Zaśpiewał piosenkę do końca i położył się ostrożnie obok George'a. Zaczął coś gadać nie wiadomo czy do siebie, czy do niego. Był wycieńczony po prawie nieprzespanej nocy. Nawet nie widział, kiedy zmożył go sen.

★★★

Obudziła go kilka godzin później mama bruneta.

- Idź do domu kochanie. Przesiedziałeś tu prawie cały dzień. - powiedziała łagodnie. Blondyn wolał jeszcze zostać, ale jednocześnie nie chciał się sprzeczać z kobietą.

- Pa Gogy... - szepnął ściskając lekko jego chłodną rękę. Zabrał gitarę i wyszedł. Pogoda dopisywała i on sam o dziwo też czuł się dobrze, co w ostatnich dniach stawało się rzadkością. Z każdym dniem widok przyjaciela - w takim, a nie innym stanie - mniej go zaskakiwał. Trzeba żyć w nadziei.

★★★

Wieczorem - jak codzień - przyszedł do ,,zamku" i usiadł na balkonie patrząc na zachód słońca. Niby zwyczajne zjawisko, nic specjalnego, ale dla Dreama oznaczało coś więcej. Przypominało mu George'a i wszystkie spędzone z nim chwile. Różowawe chmury przywodziły na myśl rumieńce chłopaka, pomarańczowe odcienie kojarzyły mu się z ciepłem, jakie biło od jego przyjaciela. Gdy patrzył zaś na słońce coraz bardziej chylące się ku horyzontowi, widział w nim uśmiech - najcudowniejszy ze wszystkich.
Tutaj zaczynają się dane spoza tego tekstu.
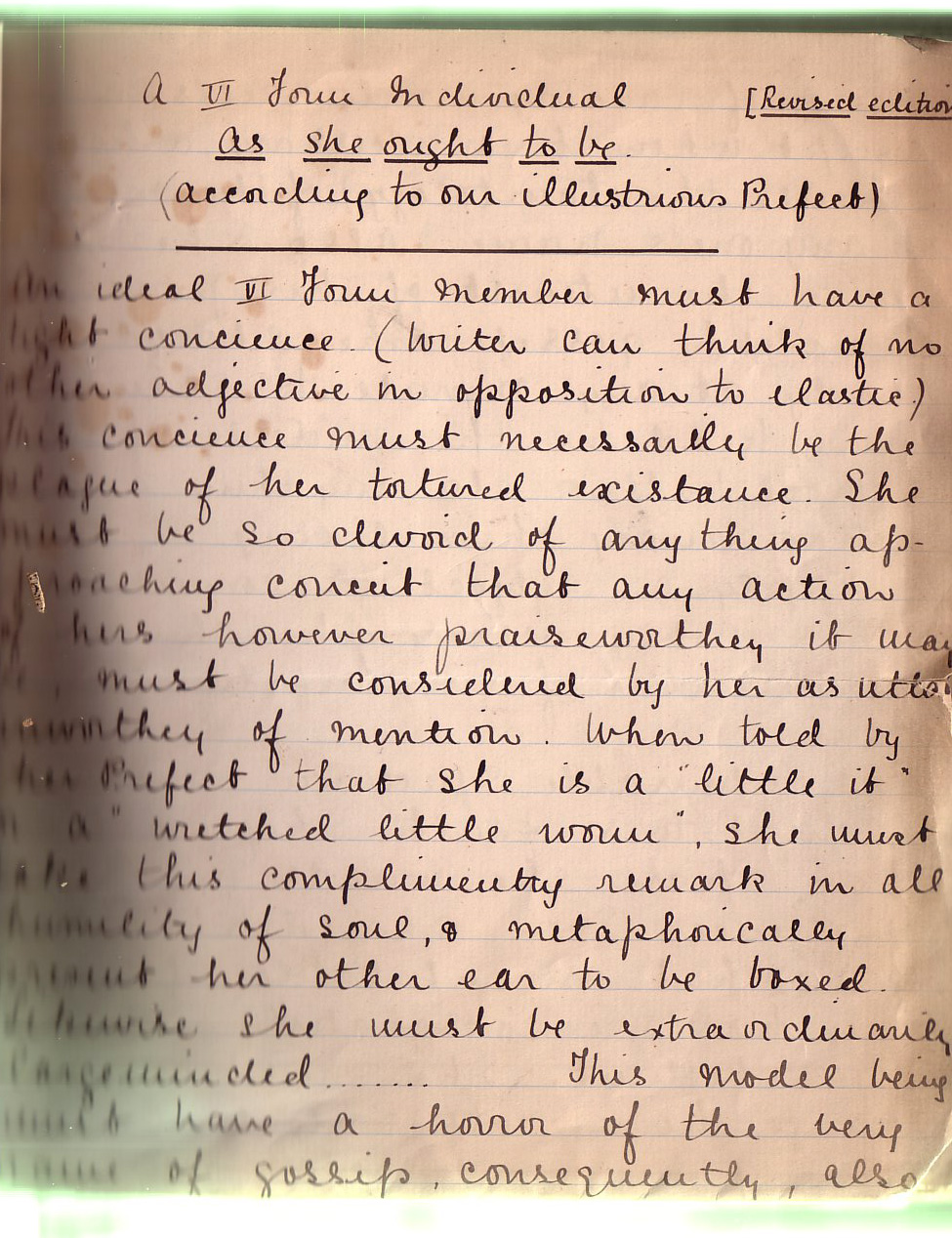 Convent of the Holy Child (school) St. Leonards-on-Sea. Page from "Smuts from Pandemonium," student journal or creative writing notebook. |

Niestety - każdy zachód się kończy. Zapada noc. Po części tak jest też z życiem. Za dnia odczuwamy radość, jesteśmy jak słońce, ale im później tym gorzej się czujemy. Ból i wspomnienia powracają codziennie ze zdwojoną siłą i nieważne jak dobry by nie był dzień, noc zawsze wyciąga na wierzch ludzkie koszmary. Otacza nas, zamyka niczym w szklanej pułapce. Może tego nie przyznajemy, ale boimy się tej nocy. Chcielibyśmy, aby trwał wieczny dzień, jednak słońce musi ustąpić miejsca księżycowi. Takie jest życie: dobre momenty czasem ustępują miejsca złym i na odwrót - taka kolej rzeczy.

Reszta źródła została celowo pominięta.